**Task item**
Your answer must be the lines of the material below, exactly as written, from its first line through the line with "Ref: Calça feminina", and no pictures.

**Raw data**
▼▼▼

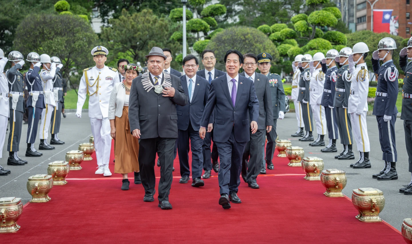 【記者施智齡/台北報導】友邦吐瓦魯國總理戴斐立(Feleti Teo)伉儷來訪,總統賴清德今(18日)上午以隆重軍禮歡迎,期盼台吐合作更提升,共同面對地緣政治與氣候變遷挑戰,促進雙方人民福祉及國家繁榮。
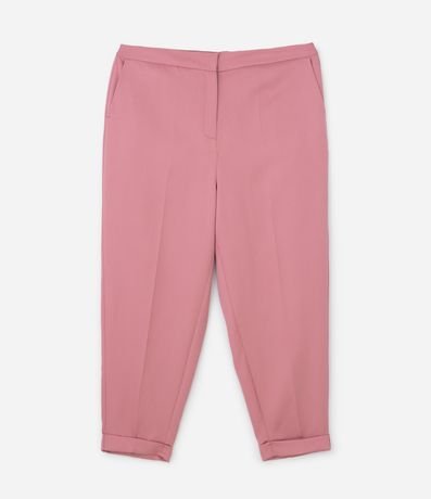 Ref: Calça feminina de modelo cenoura, com barra mais justinha e dobrada. Possui bolsos frontais e não tem estampa.
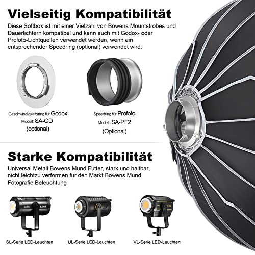 【 Serie SOONPHO SP Softbox Potente Compatibilità Versatile】SOONPHO Deep Parabolic Softboxes fornisce una fonte di illuminazione unica e multi-angolo;

▲▲▲

**Solution for this task**
 【記者施智齡/台北報導】友邦吐瓦魯國總理戴斐立(Feleti Teo)伉儷來訪,總統賴清德今(18日)上午以隆重軍禮歡迎,期盼台吐合作更提升,共同面對地緣政治與氣候變遷挑戰,促進雙方人民福祉及國家繁榮。
 Ref: Calça feminina de modelo cenoura, com barra mais justinha e dobrada. Possui bolsos frontais e não tem estampa.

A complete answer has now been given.